At the same time the Rockefeller brothers were expanding their global business reach from oil to agriculture in the developing world through their technology-driven Green Revolution scheme after the war, they were also financing a little-noticed project at Harvard University. The project would form the infrastructure for their plan to globalize world food production under the central control of a handful of private corporations.
Its creators gave it the name ‘agribusiness,’ in order to differentiate it from traditional farmer-based agriculture -- the cultivation of crops for human sustenance and nutrition. The push to place world national governments’ emergency grain reserves into private hands was merely a logical expansion of the original Rockefeller agribusiness strategy, as was their highly mis-represented “Green Revolution” which at day’s end merely promoted a huge sale of US agriculture products from John Deere tractors (using large volumes of Standard Oil Rockefeller products) to US chemical fertilizers made by other companies in the Rockefeller orbit—forcing a trend to large scale farming and forcing millions off the land into cities where they former a cheap labor pool for large multinationals. The highly-touted harvest yields turned out to be actual losses after several harvests. 1
Agribusiness and the Green Revolution went hand-in-glove. They were part of a grandiose strategy which included Rockefeller Foundation financing of research for development of genetic alteration of plants a few years later.
John H. Davis had been Assistant Agriculture Secretary under President Dwight Eisenhower in the early 1950s. He left Washington in 1955 and went to the Harvard Graduate School of Business, an unusual place for an agriculture expert in those days. Davis had a clear strategy. In 1956 he wrote an article in the Harvard Business Review in which he declared, “the only way to solve the so-called farm problem once and for all, and avoid cumbersome government programs, is to progress from agriculture to agribusiness.” He knew precisely what he had in mind, though few observers had a clue back then. 2
Davis, together with another Harvard Business School professor, Ray Goldberg, formed a Harvard team with Russian-born economist Wassily Leontief, who was then mapping the entire US economy, in a project funded by the Rockefeller Foundation. During the war, the US Government had hired Leontief to develop a method of dynamic analysis of the total economy that he referred to as ‘input-output’ analysis.
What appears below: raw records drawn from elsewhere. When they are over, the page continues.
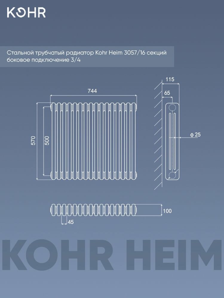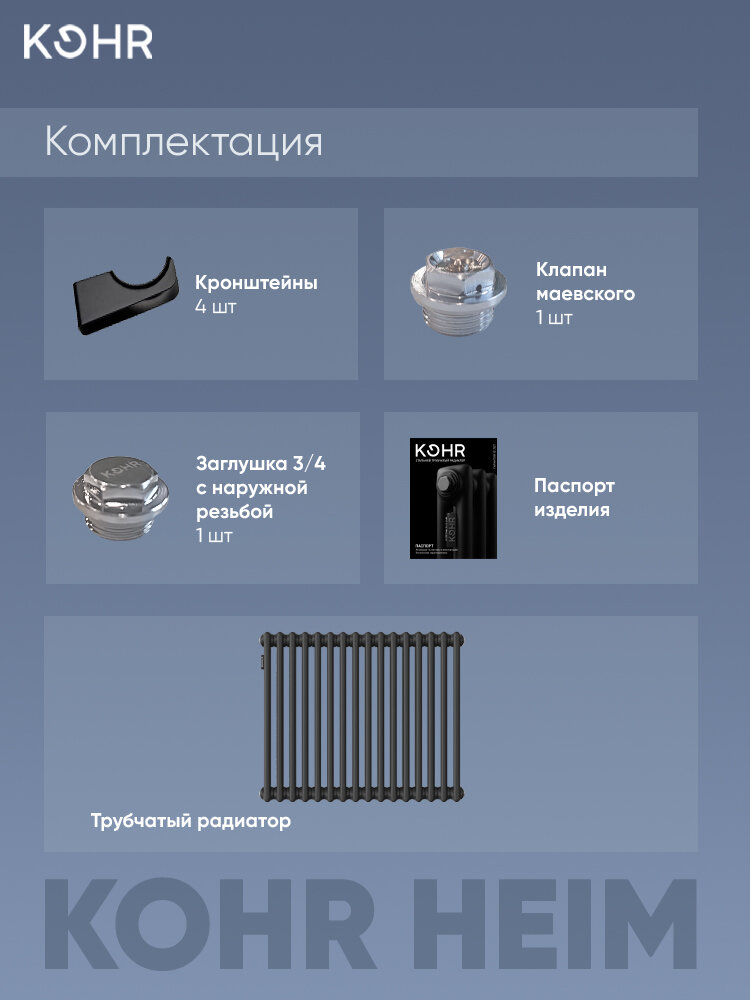 Стальной трубчатый радиатор Kohr Heim 3057/16 секций с боковым подключением 3/4 черный: сравнение цен, характеристики, фото, актуальное наличие и цены.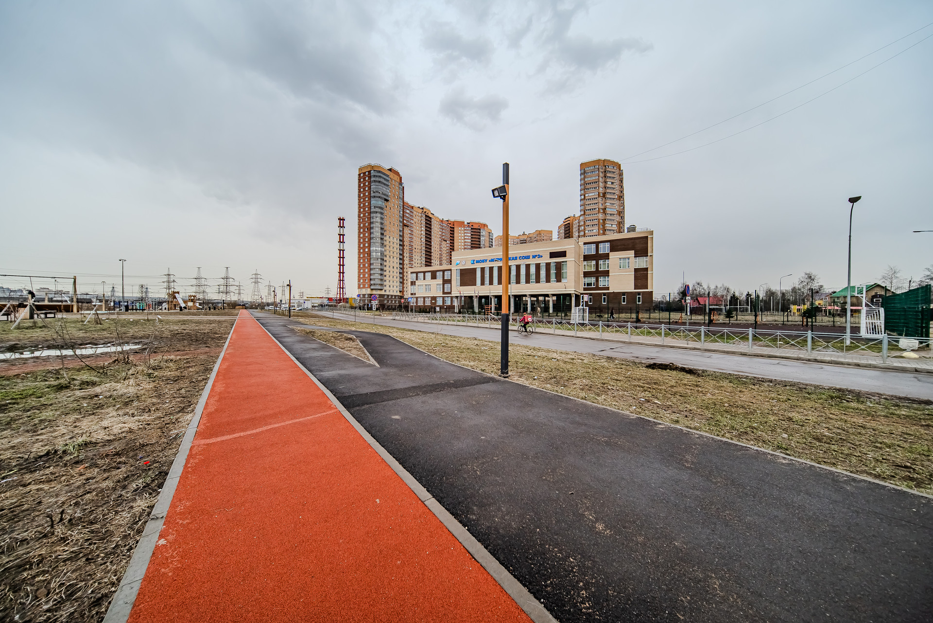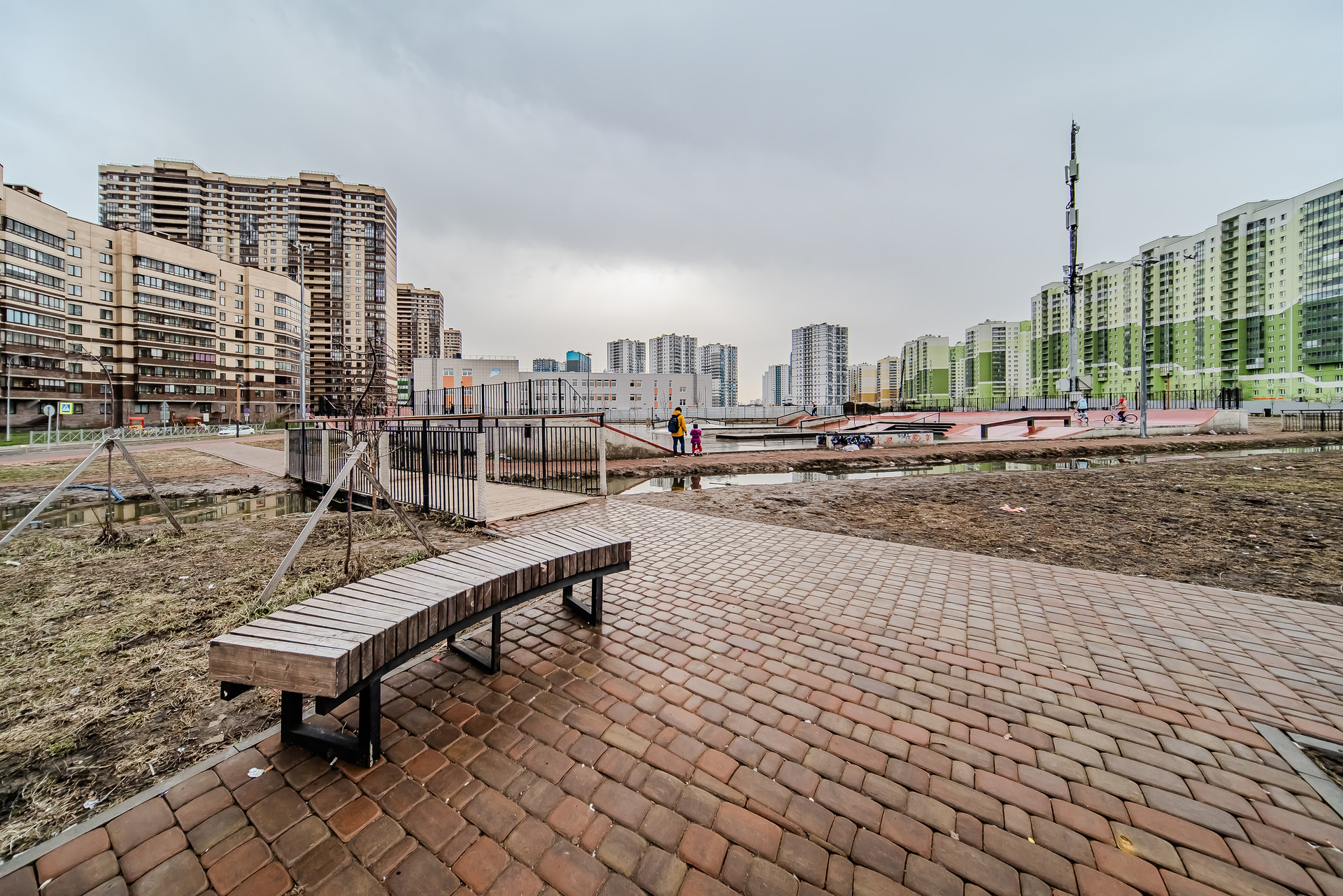 Спокойный, развитый район, в котором можно не только прекрасно жить, отдыхать и работать, но и любоваться великолепием местной природы. Возле дома протекает река Охта, на территории ЖК проведено озеленение. Недалеко от дома множество детских и спортивных площадок, а также Скейт-парк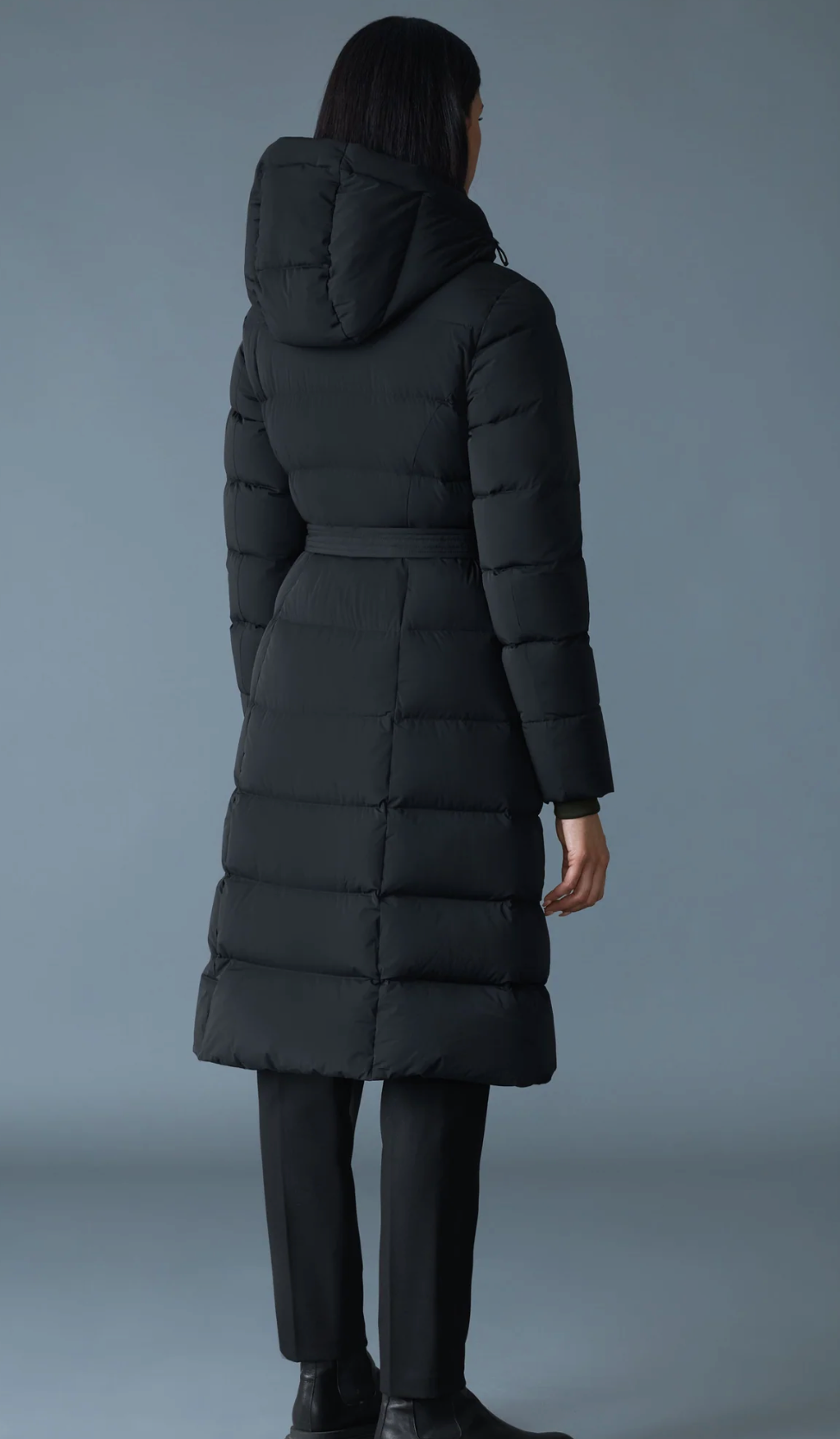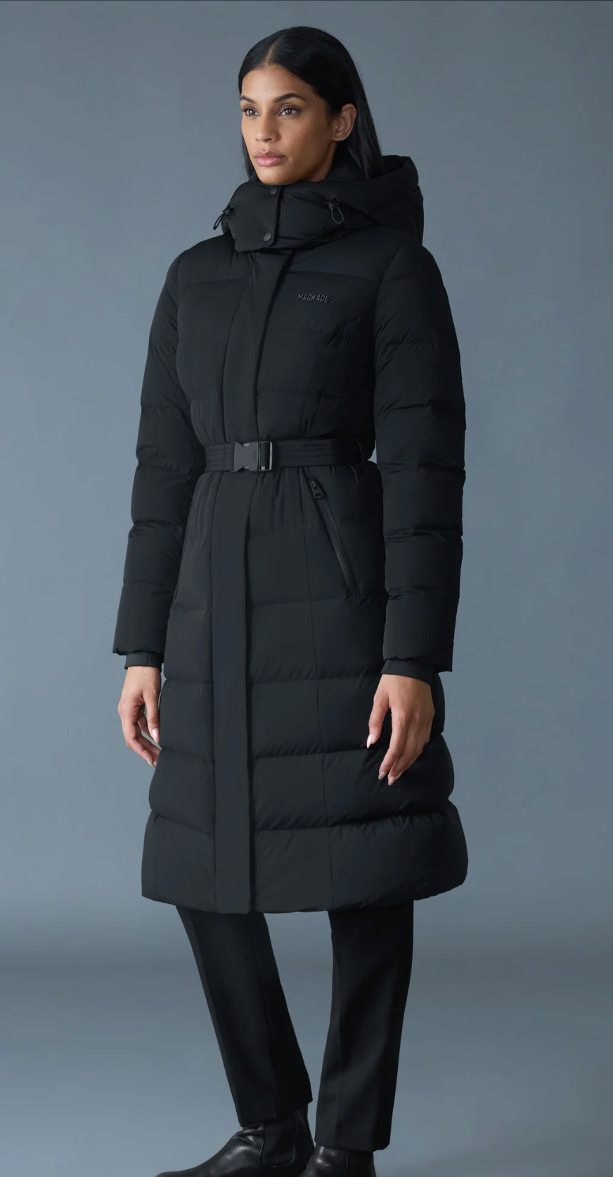 CORALIA-CITY is a fitted, long down coat engineered for cold-weather protection without the bulk. Featuring a water-resistant zipper at the center front and pockets, this streamlined silhouette includes a hood with an adjustable storm visor, insulated interior, and storm cuffs. A removable belt with buckle allows for a customizable cinch at the waist, while the recycled down fill ensures superior warmth. Finished with “MACKAGE” silicone branding on the chest for signature appeal.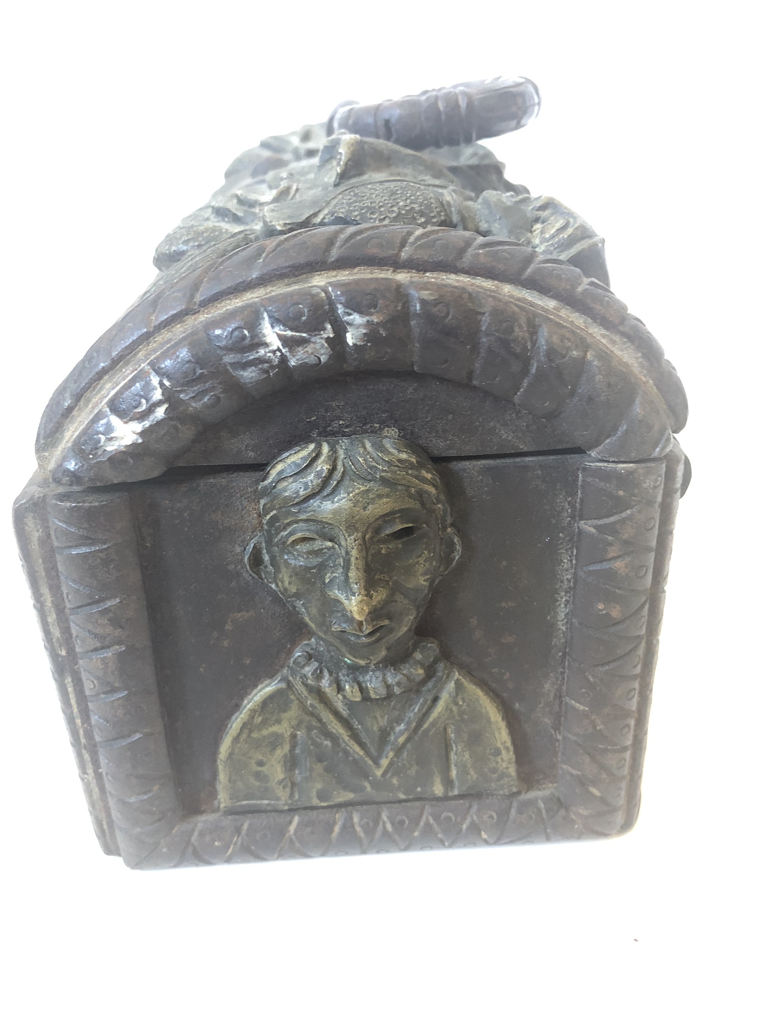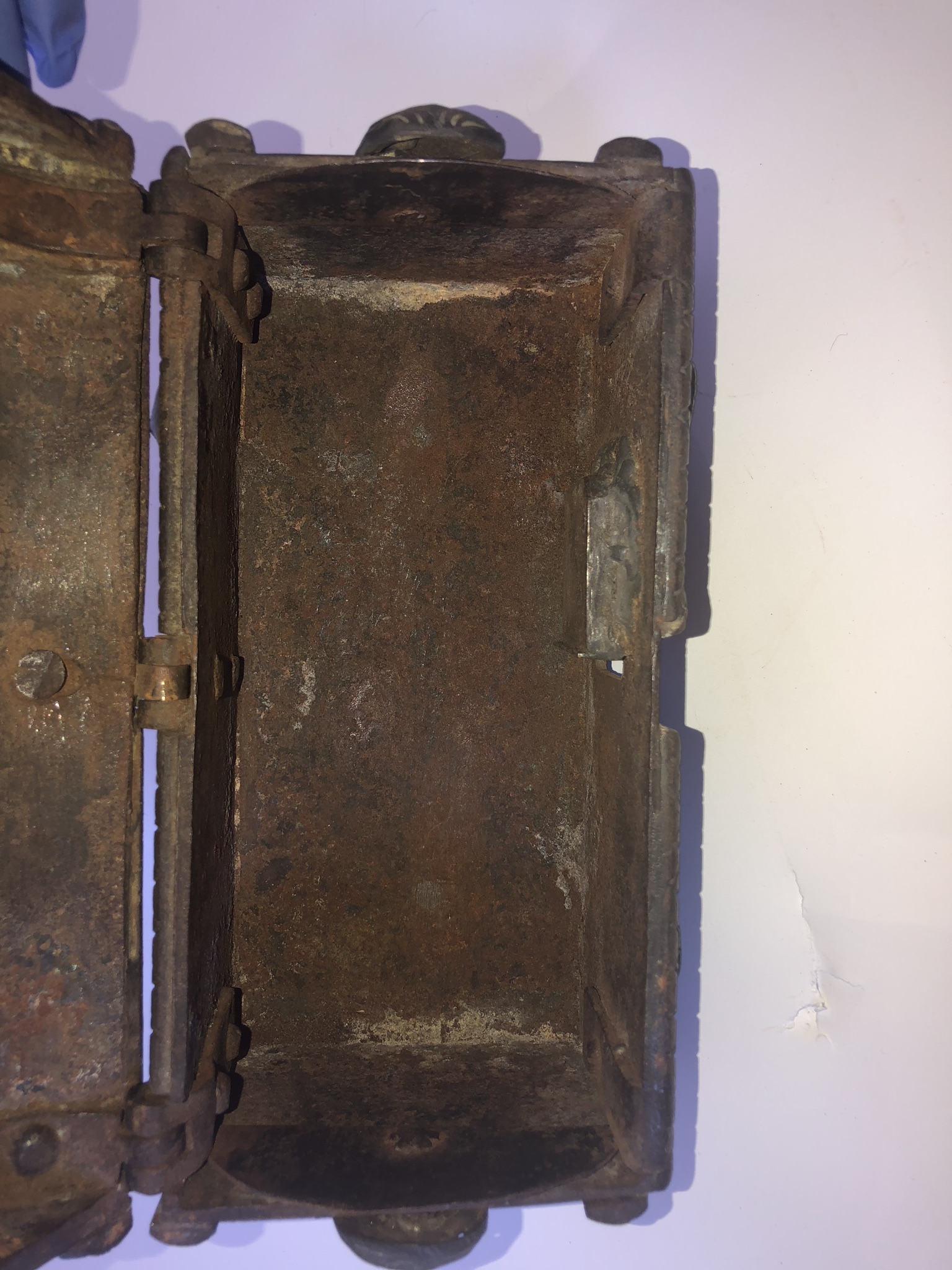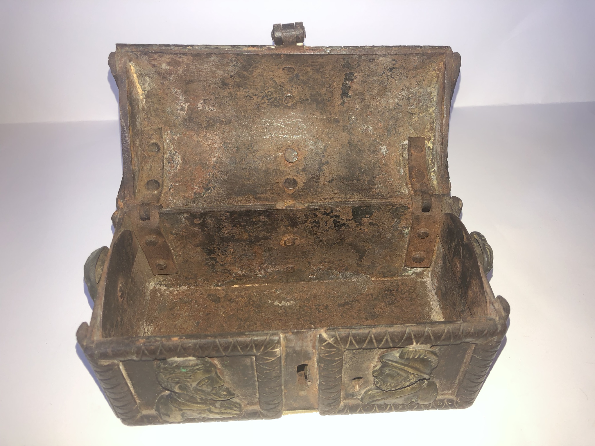 I believe this is possibly and English or Italian wrought iron medieval casket box based on some information I gathered from other sites. It weighs approximately 8 pounds. A few parts are missing or broken off as shown. No lock. I don’t have much other information about it.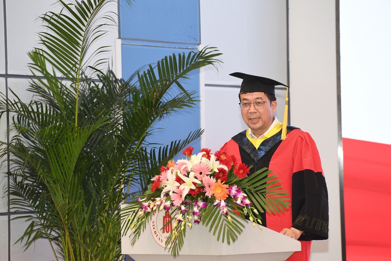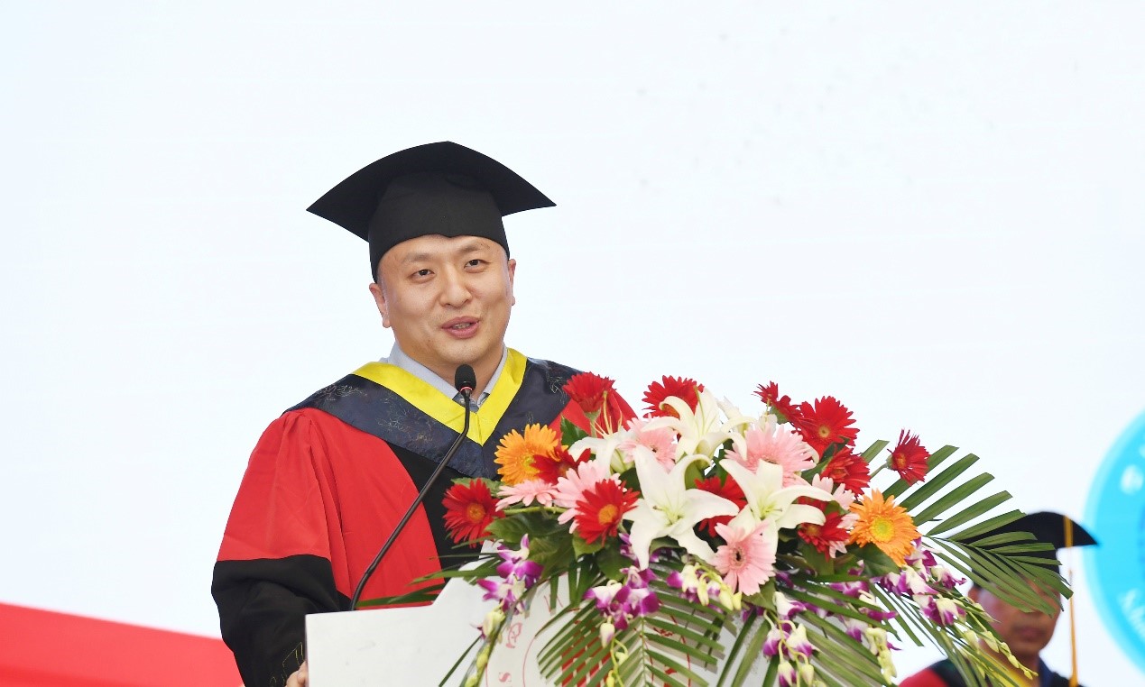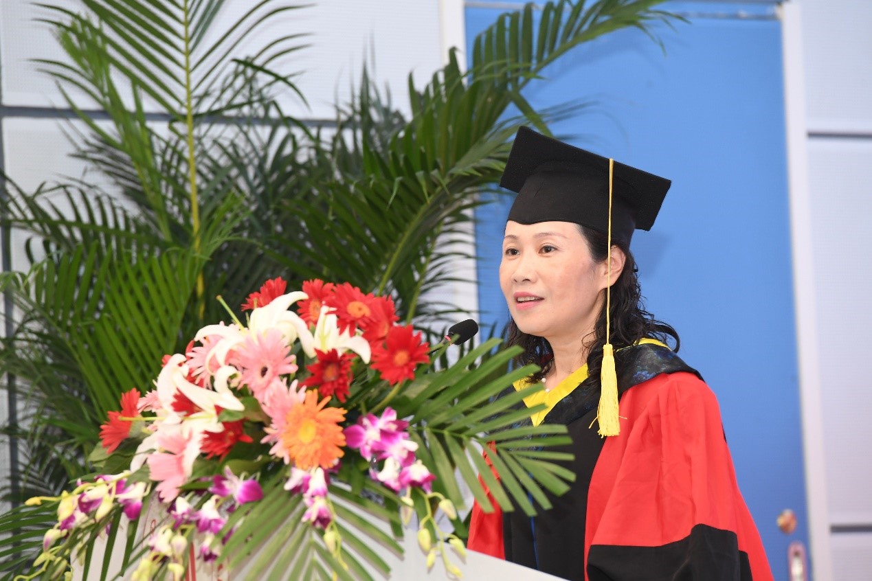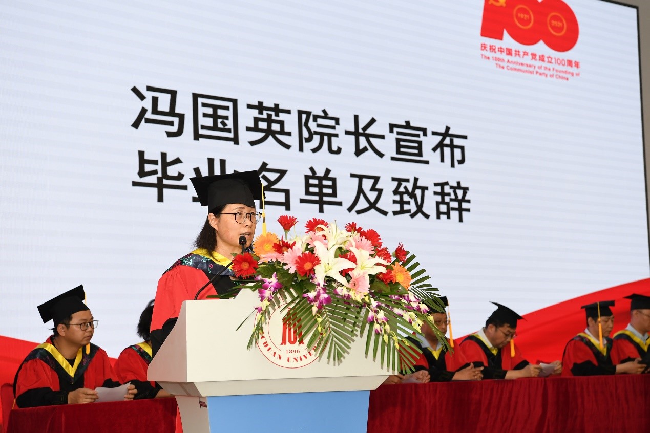 “历史只会眷顾坚定的奋斗者”,经理冯国英教授致辞并宣布毕业名单,代表全院老师向毕业生表示祝贺,深切地表达了对毕业生离校的不舍之情,她希望同学们“做一个有情怀的人,对国家和民族怀有强烈的责任感、使命感;常备一颗感恩的心,感恩身边所有的人。”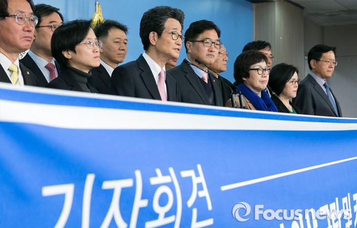 (서울=포커스뉴스) 이목희(앞줄 왼쪽 세번째) 더불어민주당 정책위의장을 비롯한 전국직능대표자회의 대표들이 18일 오전 서울 여의도 국회 정론관에서 카드수수료 기습인상 규탄 및 카드수수료 1%법 통과를 촉구하는 기자회견을 하고 있다.

Leontief worked for the US Labor Department as well as for the Office of Strategic Services (OSS), the predecessor to the CIA. 3
In 1948 Leontief got a major four-year $100,000 grant from the Rockefeller Foundation to set up the Harvard ‘Economic Research Project on the Structure of the American Economy.’ A year later the US Air Force joined the Harvard project, a curious engagement for one of the prime US military branches. The transistor and electronic computers had just been developed along with methods of linear programming that would allow the processing of vast amounts of statistical data on the economy. Soon the Ford Foundation joined in to fund the Harvard project. 4
The Harvard project and its agribusiness component were part of a major attempt to revolutionize US and later, global food production. It was to take four decades before it dominated the food industry. Professor Goldberg later referred to the agribusiness revolution and the development of genetically-modified agribusiness as ‘changing our global economy and society more dramatically than any other single event in the history of mankind.’ 5 He just might have been right as we are now likely about to witness over the coming decade.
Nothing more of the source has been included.